Noncelebrities are also victims with increasing reports of young women and teens being harassed on social media with sexually explicit deepfakes that are more and more realistic and easy to manufacture.
The targeting of Swift, the second most listened-to artist in the world on Spotify (narrowly after Canadian rapper Drake), could shine a new light on the phenomenon with her legions of fans outraged at the development.
Last year, Swift used her fame to urge her 280 million Instagram followers to vote.
Her fans also pushed the US Congress to hold hearings about Ticketmaster when the company bungled the sale of their hero’s concert tickets in late 2022.
“The only ‘silver lining’ about it happening to Taylor Swift is that she likely has enough power to get legislation passed to eliminate it. You people are sick,” influencer Danisha Carter wrote on X.

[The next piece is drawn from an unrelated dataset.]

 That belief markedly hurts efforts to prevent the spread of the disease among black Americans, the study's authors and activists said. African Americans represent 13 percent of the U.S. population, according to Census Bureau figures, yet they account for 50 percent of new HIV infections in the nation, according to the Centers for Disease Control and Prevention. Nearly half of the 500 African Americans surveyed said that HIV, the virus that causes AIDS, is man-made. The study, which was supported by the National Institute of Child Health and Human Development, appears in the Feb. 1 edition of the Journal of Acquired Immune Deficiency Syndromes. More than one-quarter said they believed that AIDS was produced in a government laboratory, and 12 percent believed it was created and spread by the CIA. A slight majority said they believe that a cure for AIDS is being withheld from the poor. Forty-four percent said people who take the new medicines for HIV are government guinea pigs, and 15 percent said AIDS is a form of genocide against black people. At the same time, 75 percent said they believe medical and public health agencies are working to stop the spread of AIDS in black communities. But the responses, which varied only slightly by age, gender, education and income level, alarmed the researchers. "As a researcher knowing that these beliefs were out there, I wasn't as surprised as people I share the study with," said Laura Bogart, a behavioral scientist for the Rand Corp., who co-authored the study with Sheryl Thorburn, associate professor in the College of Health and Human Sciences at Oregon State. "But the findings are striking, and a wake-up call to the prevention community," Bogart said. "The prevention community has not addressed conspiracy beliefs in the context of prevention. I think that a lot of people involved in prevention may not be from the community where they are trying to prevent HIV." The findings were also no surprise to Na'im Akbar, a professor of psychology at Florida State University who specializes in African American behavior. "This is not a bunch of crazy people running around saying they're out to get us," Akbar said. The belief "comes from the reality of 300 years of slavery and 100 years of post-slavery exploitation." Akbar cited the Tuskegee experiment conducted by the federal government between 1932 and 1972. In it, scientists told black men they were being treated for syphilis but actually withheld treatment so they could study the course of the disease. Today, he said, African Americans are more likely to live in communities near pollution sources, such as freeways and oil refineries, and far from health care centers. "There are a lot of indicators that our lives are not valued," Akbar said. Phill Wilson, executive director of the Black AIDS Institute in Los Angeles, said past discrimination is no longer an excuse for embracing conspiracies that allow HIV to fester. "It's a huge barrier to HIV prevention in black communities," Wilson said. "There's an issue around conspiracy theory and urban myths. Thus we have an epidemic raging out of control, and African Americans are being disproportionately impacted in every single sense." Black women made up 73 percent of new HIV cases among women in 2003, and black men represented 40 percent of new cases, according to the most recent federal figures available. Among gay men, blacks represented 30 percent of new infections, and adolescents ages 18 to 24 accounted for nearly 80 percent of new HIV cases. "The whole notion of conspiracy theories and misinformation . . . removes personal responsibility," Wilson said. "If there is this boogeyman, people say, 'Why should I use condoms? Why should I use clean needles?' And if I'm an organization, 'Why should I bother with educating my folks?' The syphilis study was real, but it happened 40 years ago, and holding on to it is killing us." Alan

X is one of the biggest platforms for porn content in the world, as its policies on nudity are looser than Meta-owned platforms Facebook or Instagram, analysts say.

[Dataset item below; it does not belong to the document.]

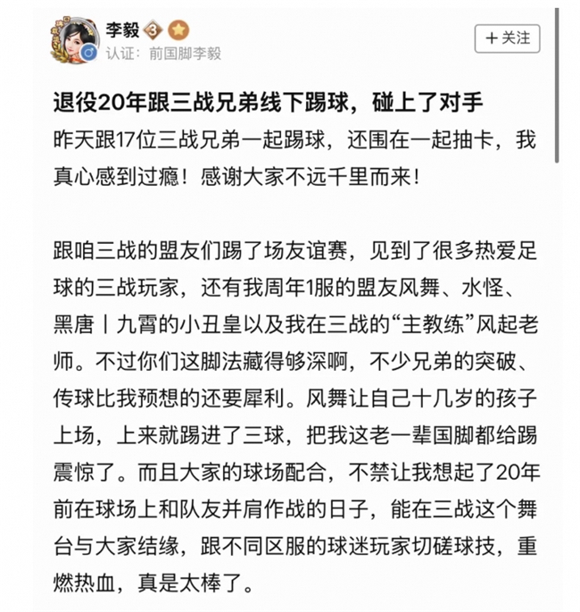 从李毅本人赛后的感慨也不难看出,从绿茵场跨界到游戏里的三国策略战场,他很享受这个可以挥洒热血的新舞台,同时也很珍惜和这群玩家兄弟并肩拼搏的日子。

This has been tolerated by Apple and Google, the gatekeepers for online content through the guidelines they set for their app stores on iPhones and Android smartphones.

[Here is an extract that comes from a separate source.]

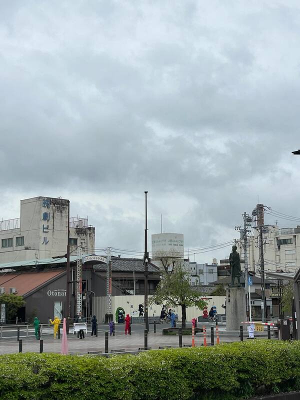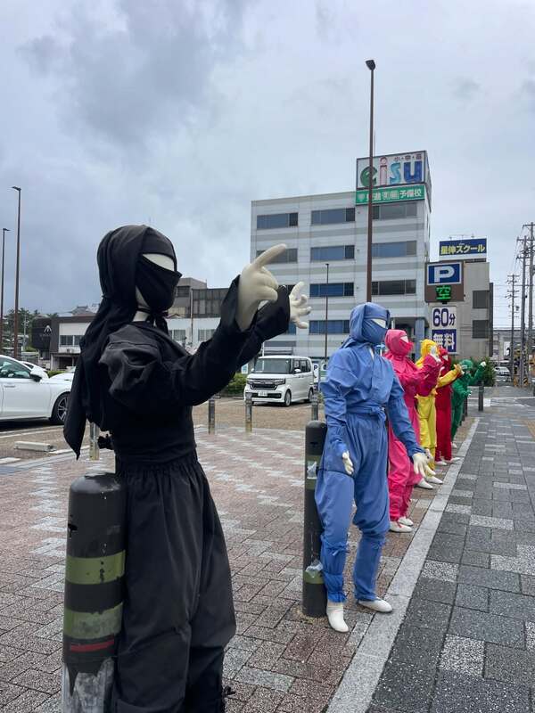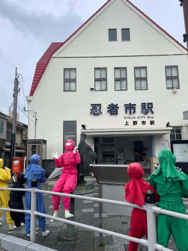 忍者市駅前も忍者たちがお出迎え。

In a statement, X said that posting nonconsensual nudity is strictly prohibited, and “we have a zero-tolerance policy towards such content.”
The Elon Musk-owned platform said that it was “actively removing all identified images and taking appropriate actions against the accounts responsible for posting them.”
However, images continued to be available and shared on Telegram.
Swift’s representatives did not respond to a request for comment.
The star has also been the subject of right-wing conspiracy theories and even fake videos where she is falsely shown to be promoting high-priced cookware from France.
“What’s happened to Taylor Swift is nothing new. For years, women have been targets of deepfakes without their consent,” said Yvette Clarke, a Democratic congresswoman from New York who has backed legislation to fight deepfake porn.
“And with advancements in AI, creating deepfakes is easier and cheaper,” she added.
Meanwhile, the estate of George Carlin on Thursday filed a federal suit in Los Angeles asking that a judge order the podcast outlet Dudesy to immediately take down an hour-long audio special, George Carlin: I’m Glad I’m Dead, in which a synthesis of Carlin delivers commentary on current events.
Carlin died in 2008.
Carlin’s daughter, Kelly Carlin, said in a statement that the work is “a poorly executed facsimile cobbled together by unscrupulous individuals to capitalize on the extraordinary goodwill my father established with his adoring fanbase.”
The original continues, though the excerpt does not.